> [WORK REQUEST] Retype the entries below word for word, leaving out every picture.

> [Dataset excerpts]

_ _ _

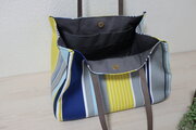表地は色鮮やかなストライプ柄フランスコットンで、素材感がありこれからの季節に
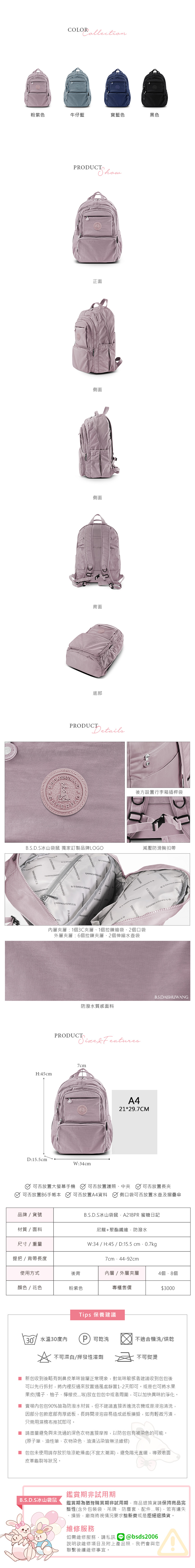 B.S.D.S冰山袋鼠 - 蜜糖日記 - 輕旅多口袋附插袋胸扣後背包 - 粉紫色【A218PR】
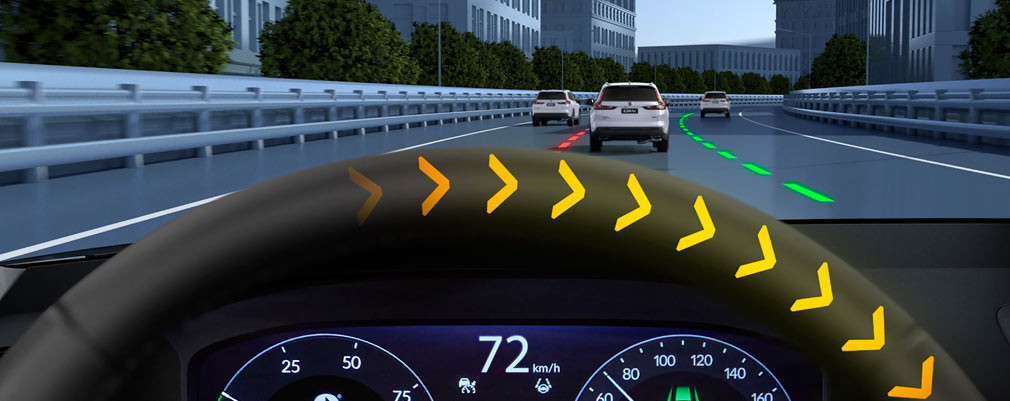 Este sistema ayuda a mantener el vehículo dentro del carril demarcado a partir de los 70 km/h. Puede corregir levemente la trayectoria aplicando un giro correctivo para ayudar al conductor a mantenerse en las líneas correctas.
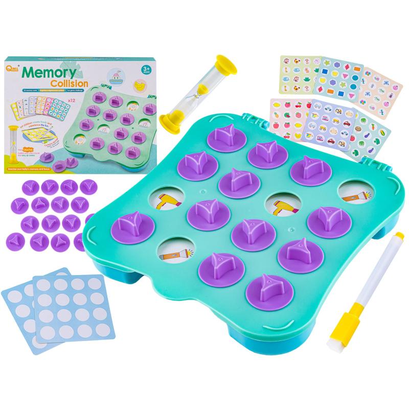 W pudełku znajdziesz praktyczną podstawkę, 12 dwustronnych plansz z różnorodnymi ilustracjami, 16 kolorowych guziczków oraz pisak do tworzenia własnych par na dwóch planszach bez wzorów. Do zestawu dołączona jest także klepsydra, którą można wykorzystać do odmierzania czasu podczas odsłaniania obrazków, co podnosi dynamikę rozgrywki i wprowadza element rywalizacji.
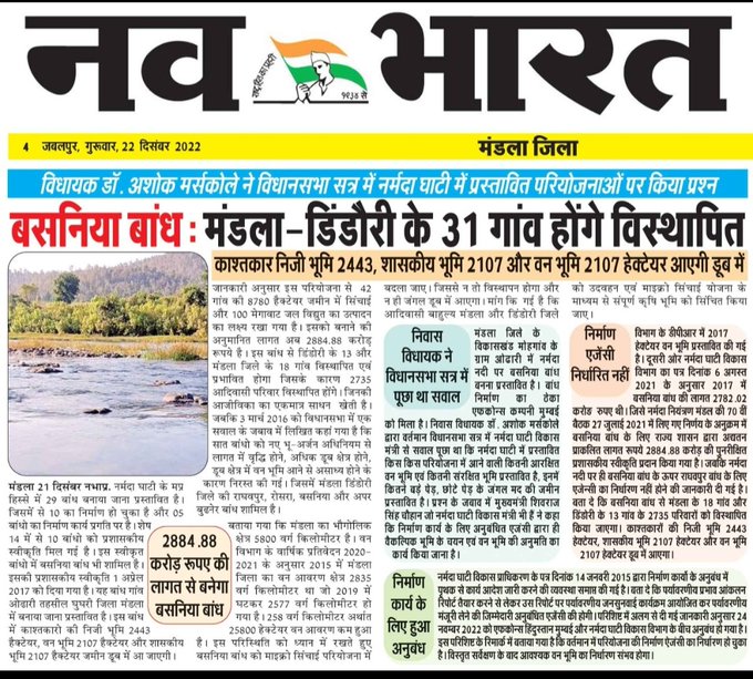 Madhya Pradesh Raj Kumar Sinha:-2009 – 2010 में नर्मदा नदी पर प्रस्तावित बसनिया बांध से 50 हजार हेक्टेयर में सिंचाई और 20 मेगावाट विद्युत उत्पादन का लक्ष्य था। अब 8780 हेक्टेयर में सिंचाई और 100 मेगावाट विद्युत उत्पादन का लक्ष्य रखा गया है।हरित उर्जा के नाम पर 2107 हे जंगल डूबेगा।
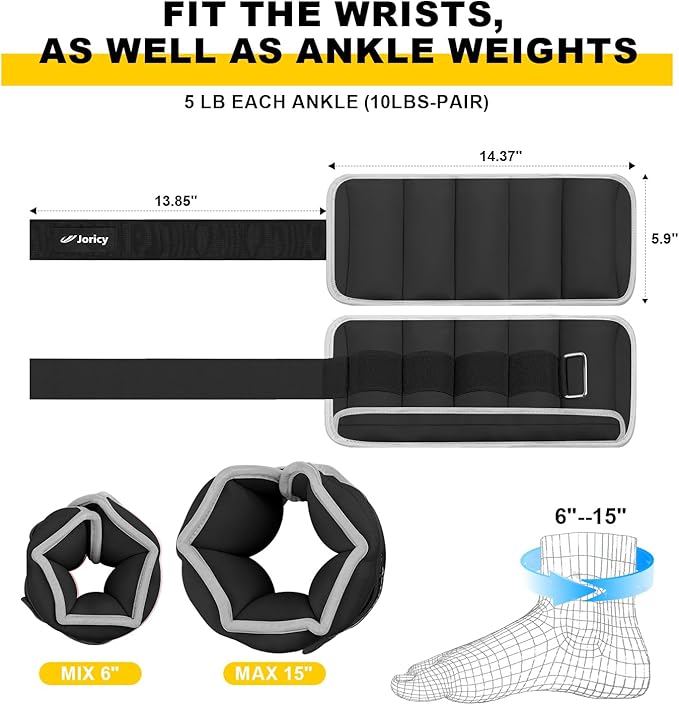 - [UPGRADE Feature 3]: (ABOUT 14.17 inch)Elongated design to make your ankle and wrist feel smooth and comfort, 5 pound ankle weights each customized fits ankle/wrist/arm/leg/hand, super easy to put on and take off.
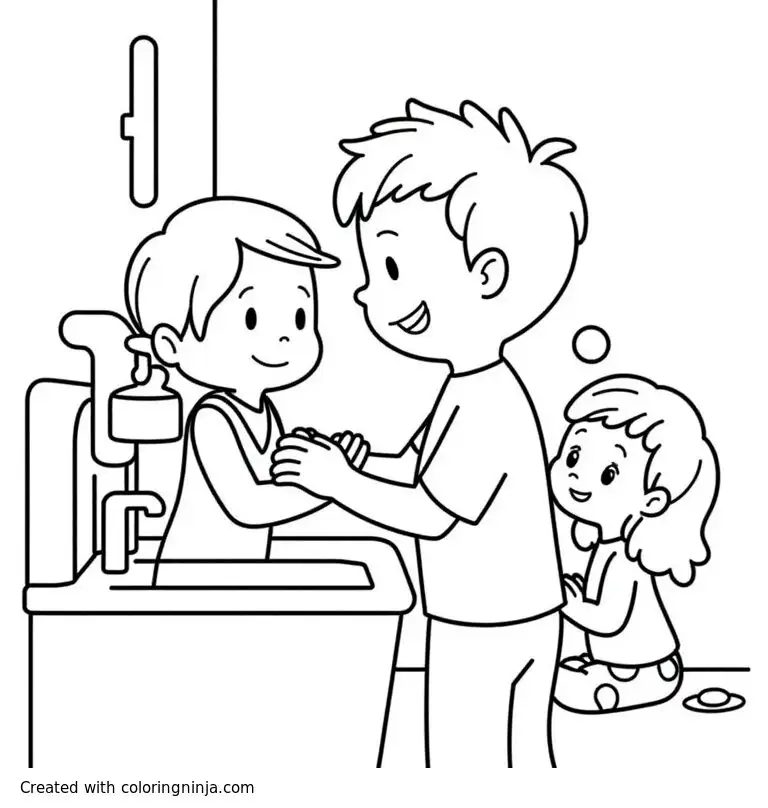A cartoon boy showing another child how to properly wash hands at a sink. His baby sister plays with soap bubbles in the background. Bathroom or preschool setting, hygiene education scene. coloring page

_ _ _

> [ANSWER TO THIS TASK]
表地は色鮮やかなストライプ柄フランスコットンで、素材感がありこれからの季節に
 B.S.D.S冰山袋鼠 - 蜜糖日記 - 輕旅多口袋附插袋胸扣後背包 - 粉紫色【A218PR】
 Este sistema ayuda a mantener el vehículo dentro del carril demarcado a partir de los 70 km/h. Puede corregir levemente la trayectoria aplicando un giro correctivo para ayudar al conductor a mantenerse en las líneas correctas.
 W pudełku znajdziesz praktyczną podstawkę, 12 dwustronnych plansz z różnorodnymi ilustracjami, 16 kolorowych guziczków oraz pisak do tworzenia własnych par na dwóch planszach bez wzorów. Do zestawu dołączona jest także klepsydra, którą można wykorzystać do odmierzania czasu podczas odsłaniania obrazków, co podnosi dynamikę rozgrywki i wprowadza element rywalizacji.
 Madhya Pradesh Raj Kumar Sinha:-2009 – 2010 में नर्मदा नदी पर प्रस्तावित बसनिया बांध से 50 हजार हेक्टेयर में सिंचाई और 20 मेगावाट विद्युत उत्पादन का लक्ष्य था। अब 8780 हेक्टेयर में सिंचाई और 100 मेगावाट विद्युत उत्पादन का लक्ष्य रखा गया है।हरित उर्जा के नाम पर 2107 हे जंगल डूबेगा।
 - [UPGRADE Feature 3]: (ABOUT 14.17 inch)Elongated design to make your ankle and wrist feel smooth and comfort, 5 pound ankle weights each customized fits ankle/wrist/arm/leg/hand, super easy to put on and take off.
A cartoon boy showing another child how to properly wash hands at a sink. His baby sister plays with soap bubbles in the background. Bathroom or preschool setting, hygiene education scene. coloring page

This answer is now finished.